2. Exhale and lower the chin towards the throat, tilting the head on the top vertebra and keeping the neck fairly straight. Inhale and bring the chin up without straining the neck or bringing the head back.
3. Exhale and look over to the right; inhale and return the head to the centre; exhale and look over to the other side. It’s a simple movement; just breathe and enjoy the stretch.
Releasing shoulder tightness
Sitting on a chair also works for all these shoulder exercises. The first one is not appropriate if you have back pain due to a herniated disc.
Kneeling arm Stretch
Clasp your hands behind you and move the body forward and the hands towards the ceiling. Inhale to come up and repeat.
Shoulder lifts
Inhale and lift both shoulders, exhale and “drop” them both with a sigh. Repeat; it feels good to sigh and feel the heavy weight on your shoulders lighten a little!
Pectorals stretch
Clasp both hands and rest them behind your back, bend the elbows. Exhale and bring the elbows a bit closer together, inhale and return to the neutral position. Repeat a few times and then hold the stretch, up to 60 or 90 seconds.
Eagle arms
-start by wrapping your arms around you.
-bring your hands up so the back of the hands touch.
-if possible hook your hands around each other.
-with every exhalation, encourage the shoulders to relax down, the elbows to move up and hands away from the face.
Rotating shoulders and arms
Place one hand on each shoulder and rotate the elbows in nice big circles and in both directions.
Lying shoulder and upper back movements:
A. Lying on the right side with the legs bent and quite close to the chest, place both arms straight in front of you with the palms touching. With an exhalation slide the top hand further away from you, keeping both arms straight. Inhale and return to the starting position. Make sure your head is relaxing down. If it can’t reach the mat then use a cushion under your head.

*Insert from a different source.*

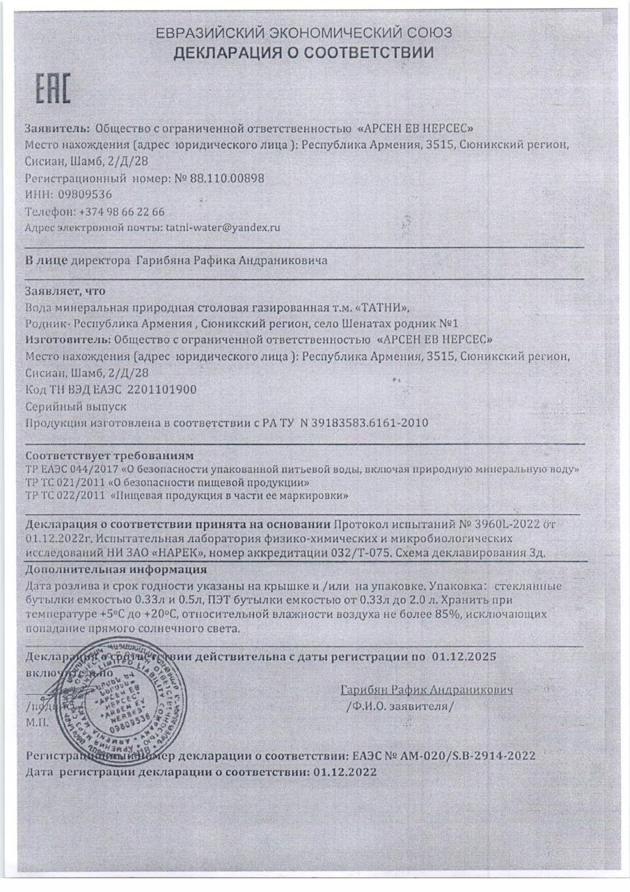 Минеральная природная питьевая вода «Татни» добывается из источника на склоне Зангезурского хребта в экологически чистой горной области Республики Армения.

B. (not appropriate if you have pain due a herniated disc) From the same position and with both palms together, bring the top arm in a half circle along the floor to the other side. If you had the numbers of a clock around you, you would move your hand from 3 o’clock past 12 to 9 o’clock. It does not matter if your hand cannot stay on the floor. It usually doesn’t and we don’t want to hurt the shoulder joint by stretching it too much. After a few repetitions of the half circle, stay in the open-arm position for a few breaths, provided this movement doesn’t hurt.
Repeat both movements lying on your other side.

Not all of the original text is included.